───── Dataset excerpts ─────

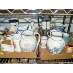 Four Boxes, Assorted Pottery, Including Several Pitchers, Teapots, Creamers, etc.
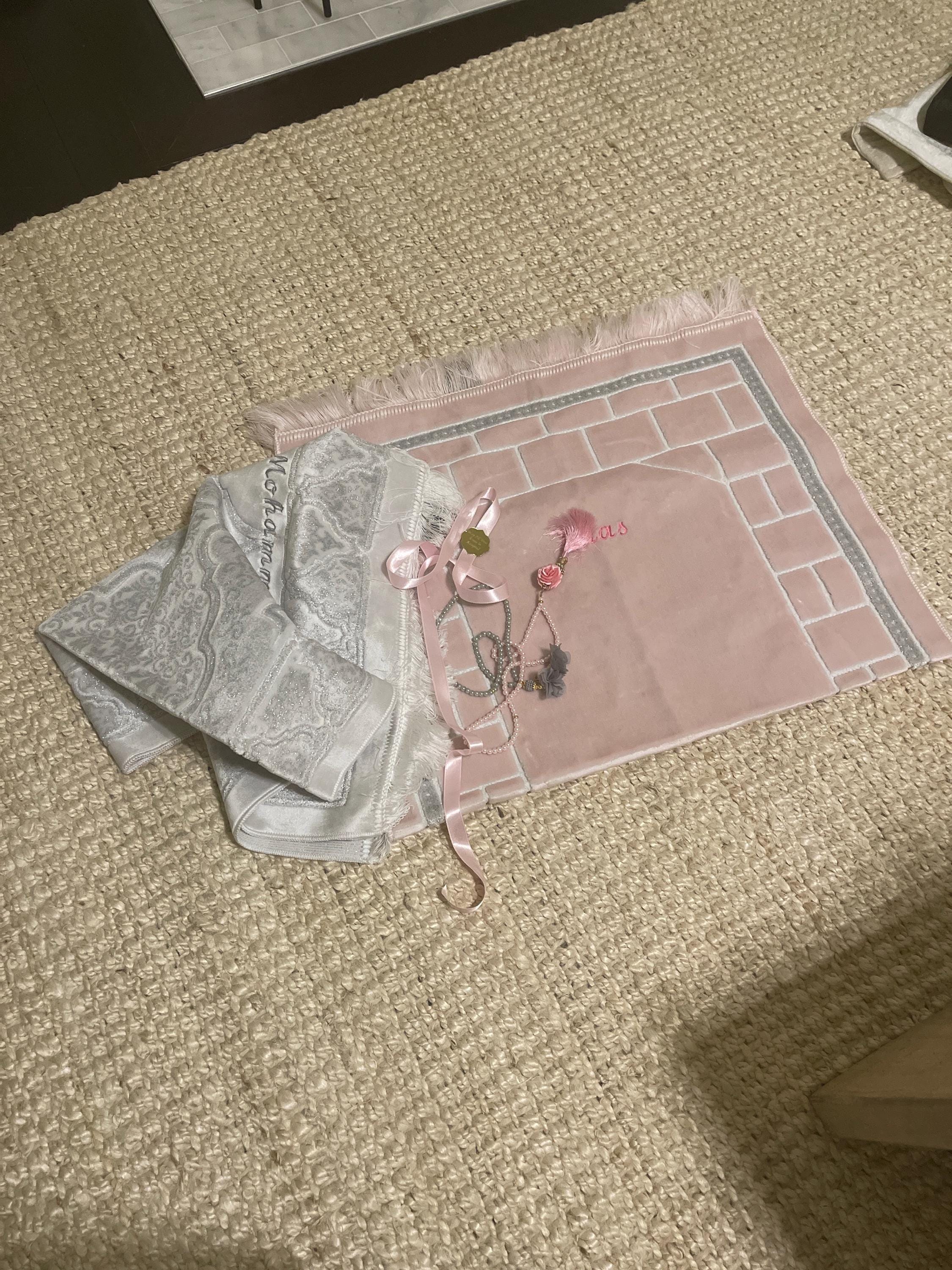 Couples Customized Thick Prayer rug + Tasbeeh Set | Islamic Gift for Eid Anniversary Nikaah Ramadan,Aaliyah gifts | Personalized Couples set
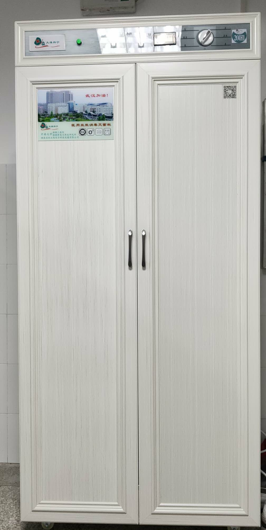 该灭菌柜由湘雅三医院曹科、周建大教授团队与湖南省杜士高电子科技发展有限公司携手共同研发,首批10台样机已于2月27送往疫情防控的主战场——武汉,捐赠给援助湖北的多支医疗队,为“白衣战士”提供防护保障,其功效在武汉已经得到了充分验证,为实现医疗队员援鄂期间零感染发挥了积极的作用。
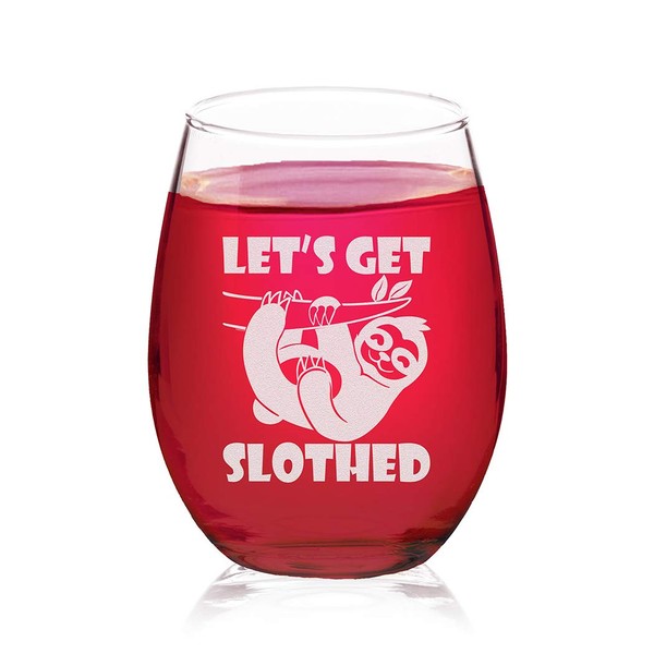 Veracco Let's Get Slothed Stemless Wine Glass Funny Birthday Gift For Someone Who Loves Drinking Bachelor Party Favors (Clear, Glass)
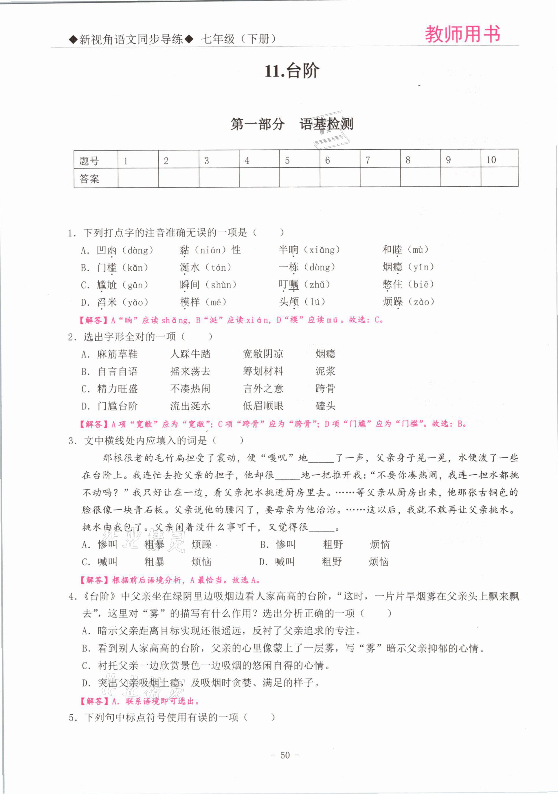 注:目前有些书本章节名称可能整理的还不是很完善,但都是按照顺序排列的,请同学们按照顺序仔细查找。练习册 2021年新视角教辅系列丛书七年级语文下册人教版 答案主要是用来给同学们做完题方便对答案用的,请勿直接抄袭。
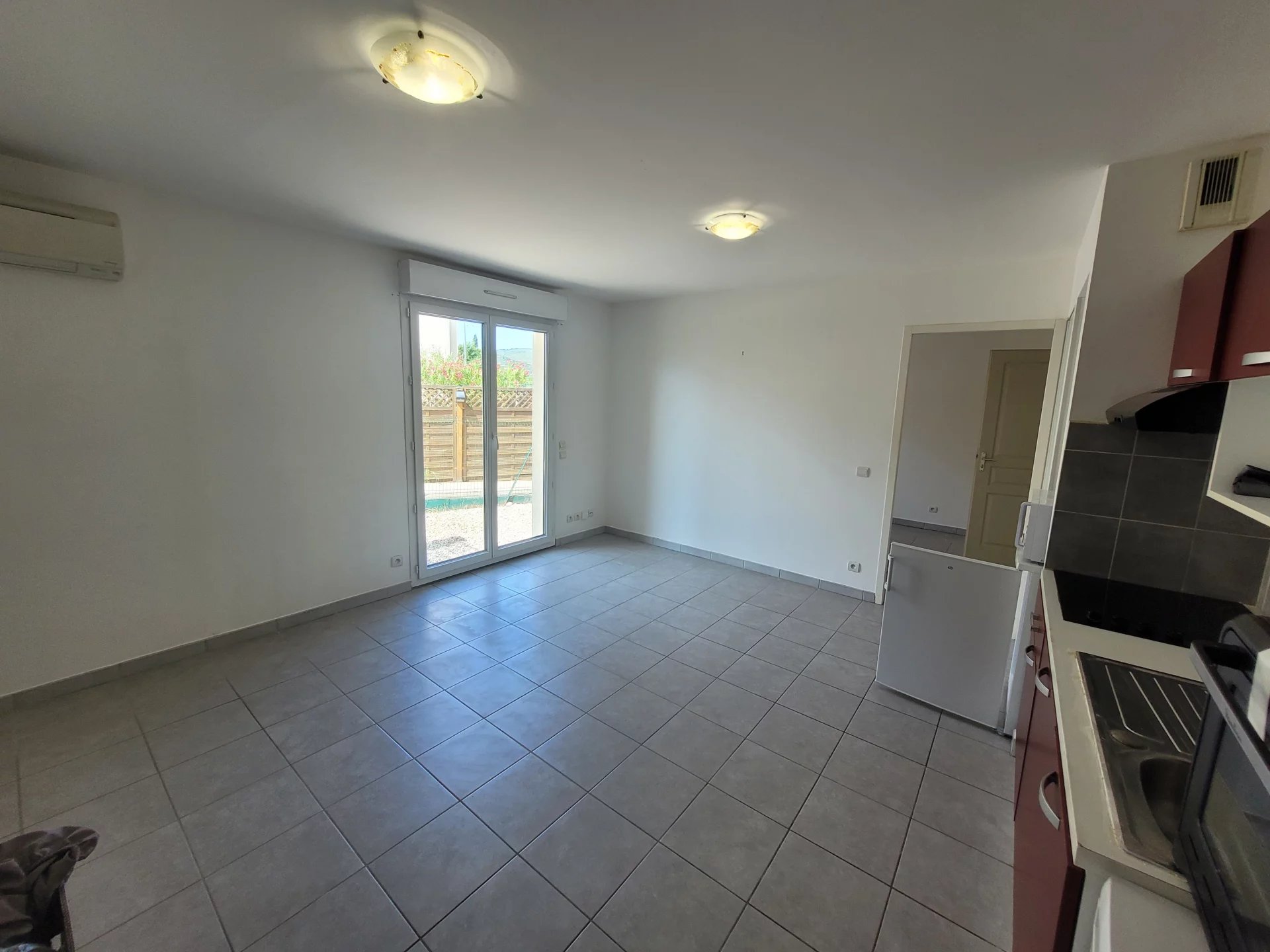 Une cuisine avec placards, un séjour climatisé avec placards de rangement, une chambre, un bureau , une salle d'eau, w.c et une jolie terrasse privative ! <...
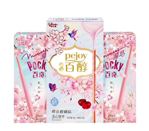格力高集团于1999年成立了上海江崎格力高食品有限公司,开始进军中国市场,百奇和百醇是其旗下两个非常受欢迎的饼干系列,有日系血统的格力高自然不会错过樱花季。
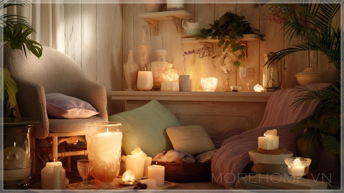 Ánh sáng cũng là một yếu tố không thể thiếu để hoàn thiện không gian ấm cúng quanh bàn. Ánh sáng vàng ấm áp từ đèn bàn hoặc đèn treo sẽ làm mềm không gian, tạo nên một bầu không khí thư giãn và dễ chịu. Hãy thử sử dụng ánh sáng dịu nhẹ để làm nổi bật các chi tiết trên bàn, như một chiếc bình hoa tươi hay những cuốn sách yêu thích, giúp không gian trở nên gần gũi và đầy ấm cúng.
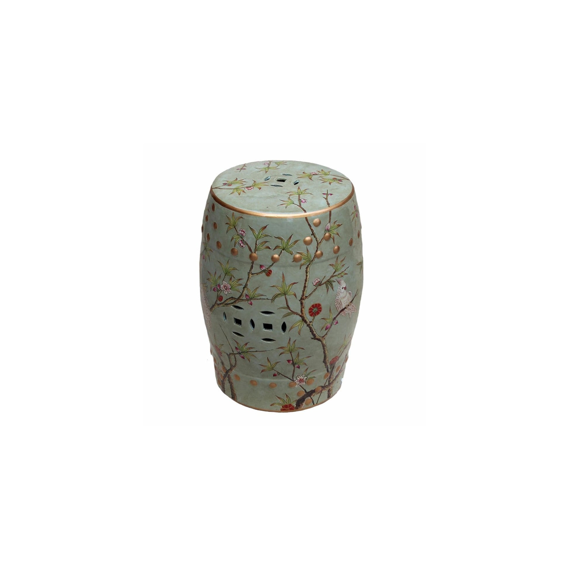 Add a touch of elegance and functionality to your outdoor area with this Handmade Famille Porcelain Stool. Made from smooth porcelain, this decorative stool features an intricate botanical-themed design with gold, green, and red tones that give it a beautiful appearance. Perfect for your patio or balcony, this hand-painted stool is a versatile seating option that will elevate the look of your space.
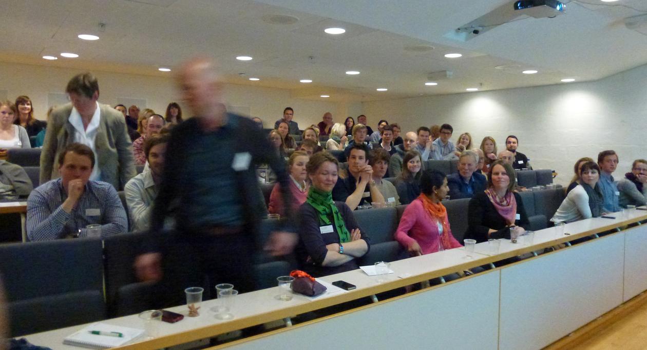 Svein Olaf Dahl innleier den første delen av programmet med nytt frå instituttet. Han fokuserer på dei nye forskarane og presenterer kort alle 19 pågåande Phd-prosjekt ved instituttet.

─────

**Requirement**
The expected answer is the line with "Ánh sáng cũng" followed by every remaining line of the listing, each restated exactly, with all pictures dropped.

**Answer to the problem**
 Ánh sáng cũng là một yếu tố không thể thiếu để hoàn thiện không gian ấm cúng quanh bàn. Ánh sáng vàng ấm áp từ đèn bàn hoặc đèn treo sẽ làm mềm không gian, tạo nên một bầu không khí thư giãn và dễ chịu. Hãy thử sử dụng ánh sáng dịu nhẹ để làm nổi bật các chi tiết trên bàn, như một chiếc bình hoa tươi hay những cuốn sách yêu thích, giúp không gian trở nên gần gũi và đầy ấm cúng.
 Add a touch of elegance and functionality to your outdoor area with this Handmade Famille Porcelain Stool. Made from smooth porcelain, this decorative stool features an intricate botanical-themed design with gold, green, and red tones that give it a beautiful appearance. Perfect for your patio or balcony, this hand-painted stool is a versatile seating option that will elevate the look of your space.
 Svein Olaf Dahl innleier den første delen av programmet med nytt frå instituttet. Han fokuserer på dei nye forskarane og presenterer kort alle 19 pågåande Phd-prosjekt ved instituttet.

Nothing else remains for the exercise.